In the weeks following the massive Deepwater Horizon oil blowout, the Obama administration approved application of nearly 2 million gallons of chemical oil dispersants to break up oil slicks. In addition to surface spraying, what has been termed a “giant experiment” took place when approximately 763,000 gallons of dispersant were injected a mile underwater at the source of the spill, a technique that has never been used before. At those depths, it is not known how long it will take the dispersants to dissolve. Alarmingly, there is growing evidence that a suspended oil and dispersant mixture is contaminating an estimated 44,000 square miles of ocean and entering the aquatic food chain.
FDA and other federal agencies have made repeated public statements that Gulf seafood is safe while conceding that there is no current testing for the presence of dispersant chemicals and that there is little scientific certainty about the full effects of dispersants on seafood, and in turn, humans. For example, a National Oceanic & Atmospheric Administration Assistant Secretary testified that dispersants may bio-accumulate in fish flesh. Moreover, there is a fear that humans may also be harmed by eating fish dispersant-soaked fish. One of the principal dispersant chemicals (2-butoxyethanol) is a fetal toxin that breaks down blood cells (much as it breaks up oil droplets), causing blood and kidney disorders.
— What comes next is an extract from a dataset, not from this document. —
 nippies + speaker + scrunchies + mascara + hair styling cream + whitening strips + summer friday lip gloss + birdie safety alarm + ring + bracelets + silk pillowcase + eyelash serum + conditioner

“FDA cannot say for certain whether the seafood coming out of the oil spill areas in the Gulf is safe,” stated PEER Staff Counsel Christine Erickson, who drafted the petition. “The high levels of uncertainty should dictate a policy of striving to be safe now rather than having to say you’re sorry later.”
The FDA testing regime currently relies upon inspectors sniffing seafood for any telltale smells, limiting chemical analyses to searching for the presence of crude oil in fish and shellfish. FDA has issued statements that there is unlikely little public health risk associated with consuming seafood that has been exposed to dispersants. Yet, the FDA failed to cite a single scientific study supporting this assertion.
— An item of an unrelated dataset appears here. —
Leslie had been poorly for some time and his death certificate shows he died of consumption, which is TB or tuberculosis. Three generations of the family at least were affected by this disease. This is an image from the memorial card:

“We are asking FDA to expand its seafood testing to protect public health and to restore the confidence of the consuming public and Gulf residents,” Erickson said, noting a recent survey indicating that even people who make their living off of the Gulf seafood industry have serious concerns about whether sensory testing ensures the Gulf’s seafood is safe to eat. “If the people that live in the Gulf and depend on its waters are worried about the seafood, then we should all be worried.”
The FDA Commissioner has 180 days to respond to the PEER petition by either granting or denying it in whole or part or adopting a “tentative” middle ground. “We would hope FDA responds to this petition before the deadline,” Erickson added.